Judicial review success, one year from decision granted

By clairefowler

Photo showing scale of building, permission issued without amenity conditions threatened the residents

A matter that started with ELF has been successful in a Judicial Review claim, despite being a year since the decision. This is an eminently just decision for local residents and ELF would like to thank ELF members Horatio Waller and Ian Graves and congratulate them on a good result for the local community in Milton Keynes.

In December of last year ELF was approached by two separate individuals on the same matter. Local people in Milton Keynes had discovered that the permission for the enormous new industrial building being built meters from their bungalow homes did not have any of the amenity conditions, as should have been attached to the permission. Awareness of this had first come to light when trees that residents had thought protected, were felled. On reviewing the planning permission it was revealed that all 13 amenity conditions were missing. A sorry situation for local residents as conditions related to landscaping, light and noise were imposed to protect the amenity of neighbouring residents. As we were now over a year since the decision notice had been issued, the question was could we still JR the original decision?

ELF approached Ian Graves, ELF solicitor member at Shakespeare Martineau and Horatio Waller at FTB. Both agreed to undertake the matter under a CFA.

Horatio Waller explains more fully. This extract first appeared on the 29th May - https://www.ftbchambers.co.uk/news/success-judicial-review-claim-issued-1-year-out-time

It emerged after JR was issued that the developer and junior officers of the Council had discovered the mistake soon after the notice was issued, but residents and senior planning officers were kept in the dark for several months. When senior officers discovered the mistake they attempted to rectify the error by encouraging a second application for identical development, subject to a unilateral undertaking revoking the first permission.

Permission on a second application was approved by the DCC, but a decision notice was never issued. The reason why became public knowledge only after JR was issued. The developer had attempted to persuade the Council to drop one of the conditions on the first permission, which controlled access to the site by heavy goods vehicles (HGV), in return for it implementing a second identical permission that included the missing conditions.

This was unacceptable to the Council and the arrangement fell through. The Council then decided to impose a s102 order imposing controls on lighting, but not controlling other matters addressed by the missing conditions. This was only a partial solution, so Mrs Wardlaw issued JR out-of-time to challenge the planning permission.
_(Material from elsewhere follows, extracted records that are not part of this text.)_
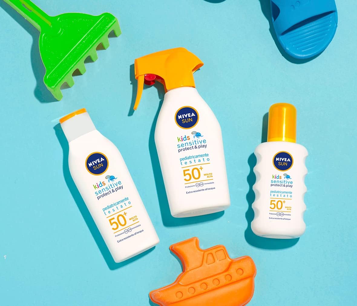 La protezione solare 5in1 per la pelle sensibile di bambini e ragazzi. Extra resistente all'acqua, protezione immediata dai raggi UVA/UVB. NIVEA Sun Babies & Kids Sensitive Protect Spray.
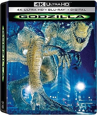 Leaving a trail of captsized ships and demolished cities, a monstrous reptile known as Godzilla makes his way towards New York City. Seemingly imprevious to traditional weaponry, Godzilla will destroy Manhattan unless scientist Dr. Nick Tatopolous and mysterious French insurance investigator Philippe Roache discover how to stop the monster's rampage. GODZILLA is directed by Roland Emerich and written by Dean Devlin, the team behind INDEPENDENCE DAY. FEATURES: Media Format ? : ? 4K, Subtitled, Digital_copy, Blu-ray Run time ? : ? 2 hours and 19 minutes MPAA rating ? : ? PG-13 (Parents Strongly Cautioned) Actors ? : ? Matthew Broderick, Jean Reno, Maria Pitillo Godzilla (1998) 25th Anniversary 4K Ultra HD SteelBook
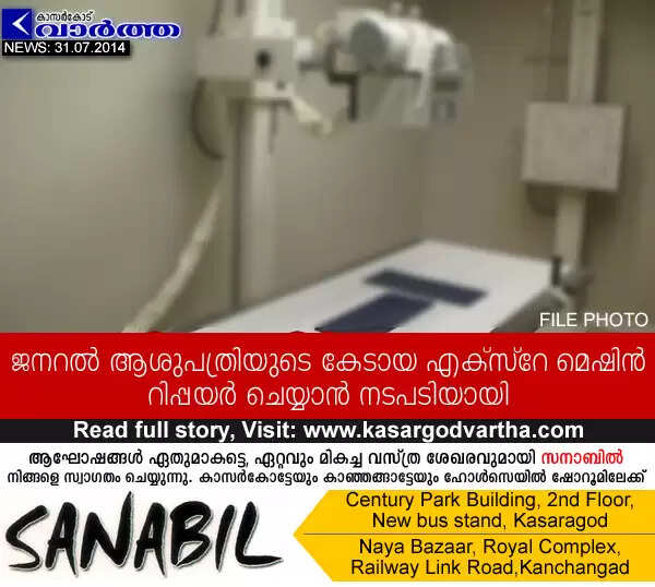 Keywords: Kasaragod, Kerala, General hospital, X-ray machine, repair, Complained, General hospital X-ray machine to be repaired.

By the time JR was issued, over a year had expired since planning permission was granted and the development was almost complete.

The deadline for issuing JR of a grant of planning permission is six weeks, but the Court has a power under CPR 3.1(2)(a) to extend the time limit which can be sought after the expiry of the six week period. Mrs Wardlaw sought permission to issue JR out-of-time, arguing that there were “very special reasons” why the Court should do so citing Sales LJ’s judgment in Gerber v Wiltshire Council [2016] 1 WLR 547 at [49].

Reliance was also placed on the High Court decision in Thornton Hall Hotel Ltd v Wirral WBC [2018] PTSR 94 where a judicial review claim against a grant of planning permission was allowed notwithstanding that it had been brought five years out-of-time. In that case the planning permission had erroneously omitted conditions specified by the planning committee, including a five-year time limit on the permission, and the claimant had issued the claim with reasonable speed on becoming aware of the mistake. The judgment was recently upheld on appeal ([2019] EWCA Civ 737).

The Wardlaw JR settled after the developer and Council agreed to revisit the proposal of promoting a second application for identical development on the site. The developer dropped its stance that no HGV condition should be imposed and gave a unilateral undertaking that it would cease implementing the first permission and implement the second permission. Planning permission was subsequently granted.

This settlement meant that Mrs Wardlaw could discontinue her claim because the underlying issues had been resolved and the Council had agreed to pay her costs.”

This is the best result the community could have hoped for. There has been subsequent disquiet from local councillors that this building, so out of scale with local homes, was recommended for approval in the first place. At least now, thanks to a great legal team, the community have the protections that they expected.